Back to articles

Hanford Medical Pavilion open, Kings County's first 64-slice CT patient shares personal story

Patient Stories

 With three of his four older brothers having cancer, 27-year-old John Harrington worries he could be next.
 Constant headaches, a proactive attitude and his doctor’s orders brought him to the Hanford Medical Pavilion on its opening day, Monday, Nov. 8, 2010, as the first patient to receive a CT scan from Kings County’s first 64-slice CT scanner.
 A Lemoore resident, John said it was nice to get this type of exam in Kings County. “This area is constantly growing, and it needs medical advances to grow with it. I’m glad these resources were available to me, so close to home.”
 The Aquilion 64-slice CT (computed tomography) scanner by Toshiba combines special X-ray equipment with sophisticated computers to produce multiple cross-sectional images, or pictures, of the inside of the body from several different angles. Seconds later, the system’s computer assembles the digital images into several precise three-dimensional images for radiologists and doctors to read. 
 “The new 64-slice CT scanner allows us to conduct high-quality, noninvasive exams,” said Dr. Mark Dowling, medical director of Medical Imaging for our network. “We will now be able to look at the anatomy of the whole body, one segment at a time, and receive faster, state-of-the-art reads.” 
 The CT scanner can be used for all types of exams, including full-body images, the face, neck, chest, heart, lungs, abdomen and pelvis images.
 The CT scanner also has the capabilities to capture images of the rapidly moving heart and lungs to help detect signs of heart disease at its earliest stages.  
 “John’s exam only took a few minutes,” said Rosa Ortega, CT technologist, who conducted the 64-slice exam of John’s head. “The advantage of the new 64-slice CT is that it is convenient for our patients. The machine scans quickly, displays the images within seconds and emits very low radiation.”
 John said he was surprised at how fast the exam was. “I was so relaxed, looking up at the palm trees and blue sky on the ceiling, that is was over before I knew it,” he said.
 In addition to the CT scanner, the Lab and Imaging Center offers six patient lab draw stations and other new, all digital Toshiba imaging equipment, including an MRI, X-ray, ultrasound and fluoroscopy.
 The first floor of the Pavilion opened to the public on Monday, Nov. 8. Adventist Health/Lab and Imaging services are on the first floor, along with a new surgical group, Kings River Surgical Center, made up of local surgeons. 
 Adventist Health/Breast Care Center will occupy part of the second floor, and the remaining space there and on the third floor will be physician offices. 
 Adventist Medical Center, which is connected to the Hanford Medical Pavilion by a 40-foot walkway, will also have new, all digital Toshiba radiology equipment and a Toshiba biplane catheterization lab, which can detect clear images of arteries from two X-ray sources. The Medical Center is targeted to open Sunday, Dec. 5, 2010.
 Adventist Health/Lab and Imaging inside the Hanford Medical Pavilion may be reached by calling 559-537-1377, or 559-585-0200. The Kings River Surgical Center may be reached by calling (559)-415-7350.

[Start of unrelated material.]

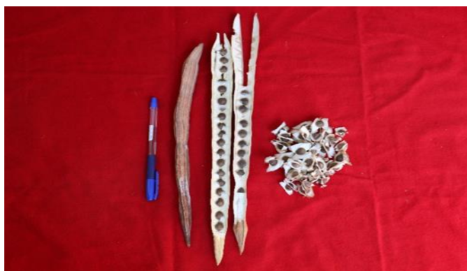
Fig. 1 Fruto y semilla de Moringa oleífera Lam.

El material utilizado en este trabajo procedió del biohuerto Agroline 360, Sechura-Piura a una latitud 5°27'10.62"S, longitud 80°46'9.77"O y 13 m sobre el nivel del mar, de donde se colectaron aleatoriamente frutos y semillas de 15 árboles. Después de la colecta, los frutos fueron transportados al Laboratorio de Biotecnología del Instituto de la papa y cultivos andinos de la Universidad Nacional de Trujillo, en donde fue seleccionada al azar una muestra de 225 semillas. Las semillas se distribuyeron en tres tratamientos de 75 semillas cada uno, las cuales se sumergieron en soluciones de ácido giberélico con concentraciones de 0,00 ppm, 35,00 ppm, 70,00 ppm por 24 horas, correspondiendo al tratamiento 1, tratamiento 2 y tratamiento 3 respectivamente. Luego el número de semillas por tratamiento se distribuyeron en 3 placas Petri con 25 semillas cada uno. La toma de datos se realizó a partir de los 5 días después de la instalación del experimento y hasta que ya no se observó semillas en germinación, los datos se consignaron en tablas para ser analizados. Para el análisis estadístico se usó ANAVA y comparación de medias con Tukey a 0.05 de nivel de significancia.

Once Adventist Medical Center opens at 6 a.m. on Sunday, Dec. 5, the following will happen at the other hospitals:

  • Hanford Community Medical Center will be renamed Adventist Health/Central Valley Network-Support Services. It will eventually house business and support services until a decision is made of how it can best serve the community. Medical services will transfer to Adventist Medical Center, but the hospital will still serve as overflow, if needed.
  • The Kerr Outpatient Center, 470 N. Greenfield Ave., and Nuclear Medicine will remain open. Lab services from the Kerr Outpatient Center and all services from the Central California Imaging Center, 460 Kings County Drive, Suite 105, are now at the Lab and Imaging Center in the Hanford Medical Pavilion.
  • Central Valley General Hospital Medical/Surgical and ER will close and move to Adventist Medical Center. The hospital will continue to provide obstetric services, which will expand to the second floor for more private patient rooms. Community Care clinics will also remain open. Lab and limited medical imaging services will be provided to support other clinical services there. The name will not change.
  • Selma Community Hospital will be renamed Adventist Medical Center-Selma in 2011 to reflect its shared license with Adventist Medical Center and the unity of Adventist Health services throughout the Valley.